# Projector and Screen for under 2k?



## greglett (Dec 10, 2006)

I'm looking for a projector and screen for under 2k. The image size will be 80"
Anything decent at that price point?


----------



## Mike Edwards (Mar 10, 2011)

greglett said:


> I'm looking for a projector and screen for under 2k. The image size will be 80"
> Anything decent at that price point?


you can get that pretty easily.

the epson 3020, or 8345 will be within those price ranges along with the Mits 4000

and that leaves PLENTY of budget for a good screen. 

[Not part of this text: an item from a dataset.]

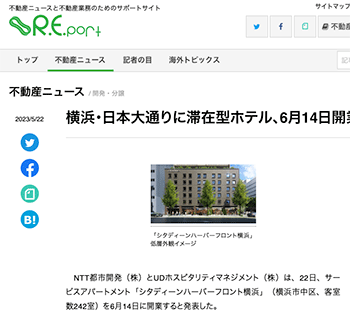 「横浜・日本大通りに滞在型ホテル、6月14日開業」というNTT都市開発とUDホスピタリティマネジメントによるサービスアパートメント「シタディーンハーバーフロント横浜」について取り上げている記事が、R.E.portに掲載されています。

the elite's would fit in that range... are you looking for a fixed frame screen or pull down or motorized?


----------



## greglett (Dec 10, 2006)

I will do a fixed screen. 
Thanks for the response.


----------



## mechman (Feb 8, 2007)

Can you use the wall as a screen? Is so you could paint your screen.


----------



## greglett (Dec 10, 2006)

The wall has an access door in it to read the gas meter so I have to put something in front of it.
I guess I can make up a 80" panel and paint that.


----------



## mechman (Feb 8, 2007)

If your room is setup properly, I'd just go with one of the cheap screens -VApex, Elite or a Jamestown - rather than building a screen from scratch.


----------



## greglett (Dec 10, 2006)

mechman said:


> If your room is setup properly, I'd just go with one of the cheap screens -VApex, Elite or a Jamestown - rather than building a screen from scratch.


Something like this?
Elite Screens 84" Manual Projector Screen
Model: M84NWV | Catalog #: 55009102

What do you mean by "setup properly"



Thanks


----------